* **Given records**
=== Section Start ===
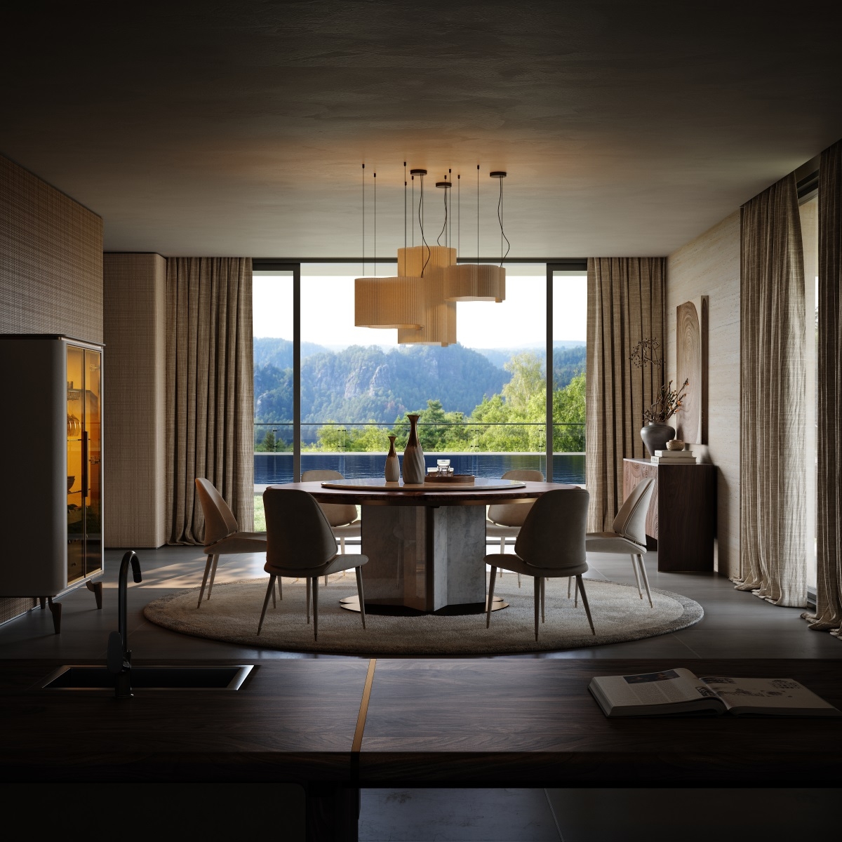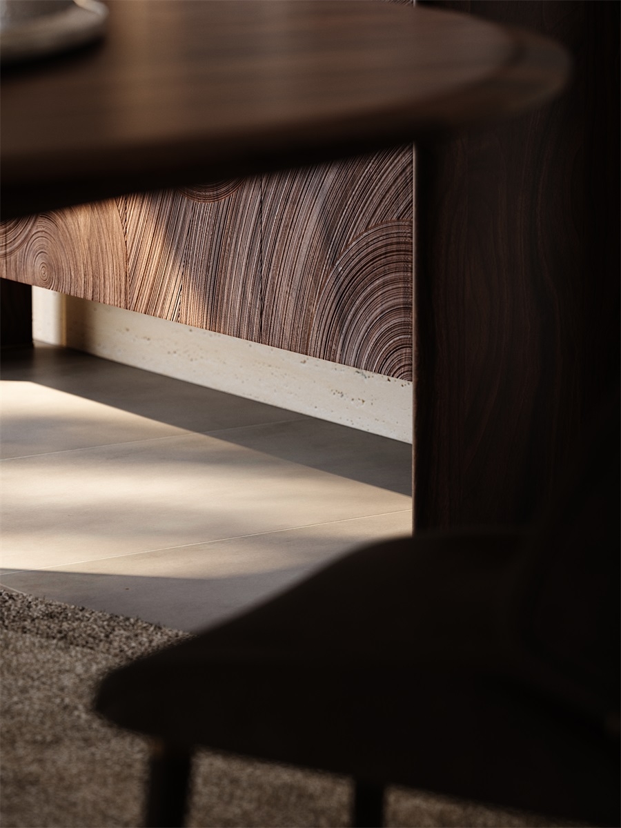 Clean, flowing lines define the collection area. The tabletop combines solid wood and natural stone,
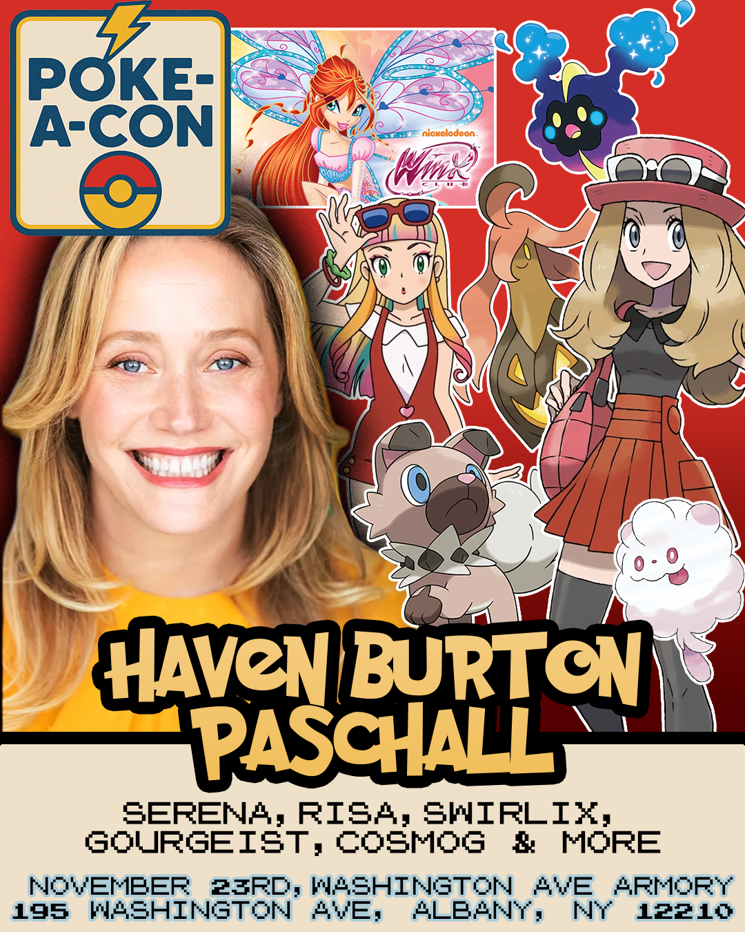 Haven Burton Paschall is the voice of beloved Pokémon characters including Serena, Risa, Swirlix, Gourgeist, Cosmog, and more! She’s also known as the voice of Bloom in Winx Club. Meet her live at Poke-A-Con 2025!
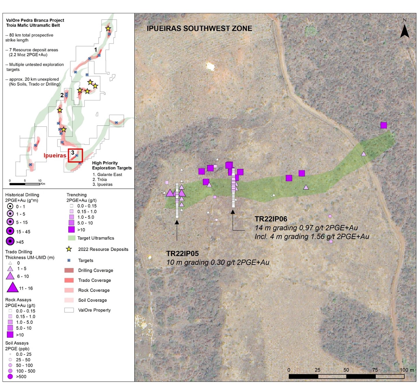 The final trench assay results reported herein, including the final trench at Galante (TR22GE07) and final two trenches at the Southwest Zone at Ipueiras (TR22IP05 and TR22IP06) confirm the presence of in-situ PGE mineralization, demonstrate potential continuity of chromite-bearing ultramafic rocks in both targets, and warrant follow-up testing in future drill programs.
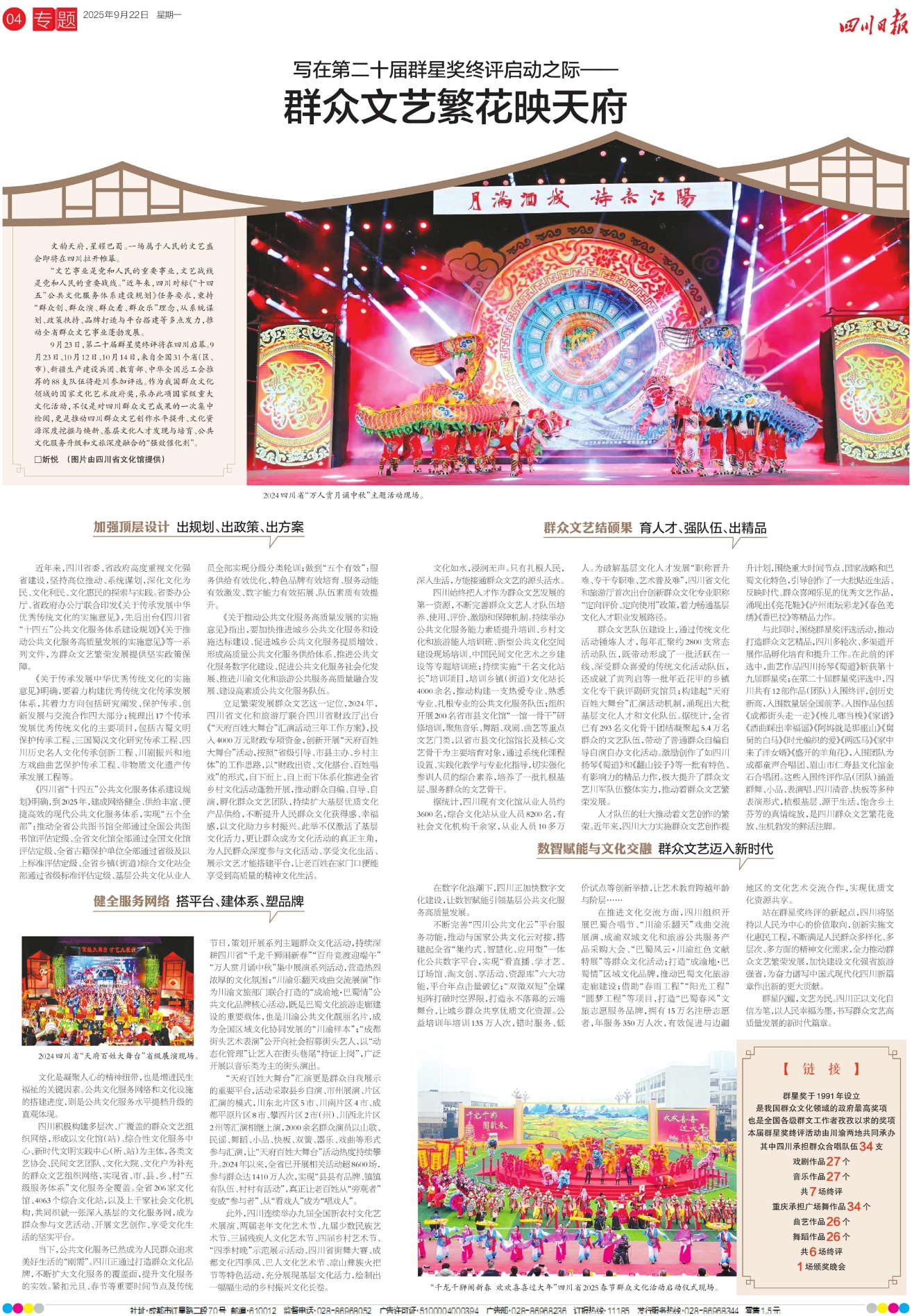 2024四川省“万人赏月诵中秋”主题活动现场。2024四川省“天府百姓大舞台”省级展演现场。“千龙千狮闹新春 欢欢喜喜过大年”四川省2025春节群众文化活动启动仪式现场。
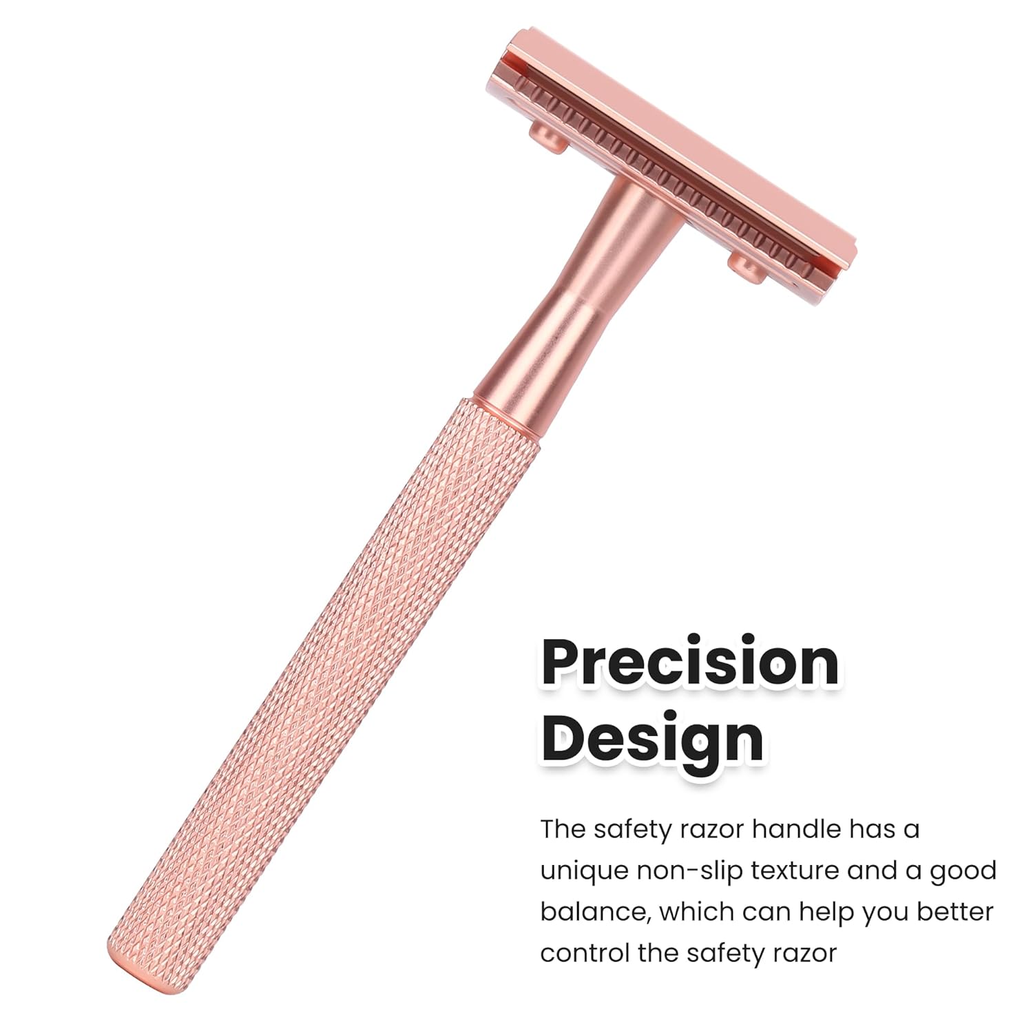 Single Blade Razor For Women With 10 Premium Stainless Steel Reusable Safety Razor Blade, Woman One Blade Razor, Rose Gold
=== Section End ===
=== Section Start ===
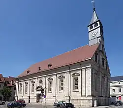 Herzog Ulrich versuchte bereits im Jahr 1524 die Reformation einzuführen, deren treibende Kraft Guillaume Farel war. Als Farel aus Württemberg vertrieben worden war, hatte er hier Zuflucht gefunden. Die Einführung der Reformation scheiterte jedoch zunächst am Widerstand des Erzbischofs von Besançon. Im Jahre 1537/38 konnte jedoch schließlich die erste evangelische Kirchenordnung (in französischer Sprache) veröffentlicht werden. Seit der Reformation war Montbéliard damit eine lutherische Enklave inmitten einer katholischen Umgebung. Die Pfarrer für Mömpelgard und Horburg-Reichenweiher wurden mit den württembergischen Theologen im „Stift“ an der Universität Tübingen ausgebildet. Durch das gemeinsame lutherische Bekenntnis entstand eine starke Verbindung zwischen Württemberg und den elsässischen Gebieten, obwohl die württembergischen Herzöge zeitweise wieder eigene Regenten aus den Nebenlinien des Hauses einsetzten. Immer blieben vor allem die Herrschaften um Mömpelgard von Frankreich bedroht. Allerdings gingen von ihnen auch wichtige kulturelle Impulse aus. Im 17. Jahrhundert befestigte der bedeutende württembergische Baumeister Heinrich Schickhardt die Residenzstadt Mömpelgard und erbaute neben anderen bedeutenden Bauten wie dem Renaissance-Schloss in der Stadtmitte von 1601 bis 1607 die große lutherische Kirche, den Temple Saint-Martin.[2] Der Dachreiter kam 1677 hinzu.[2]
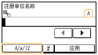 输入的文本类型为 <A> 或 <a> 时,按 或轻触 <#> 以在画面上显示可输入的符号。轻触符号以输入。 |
=== Section End ===
* **Exercise**
Return the stretch of data that begins with the line showing "Clean, flowing lines" and goes on through the line showing "Haven Burton Paschall", exactly, with pictures removed.

* **Exercise result**
 Clean, flowing lines define the collection area. The tabletop combines solid wood and natural stone,
 Haven Burton Paschall is the voice of beloved Pokémon characters including Serena, Risa, Swirlix, Gourgeist, Cosmog, and more! She’s also known as the voice of Bloom in Winx Club. Meet her live at Poke-A-Con 2025!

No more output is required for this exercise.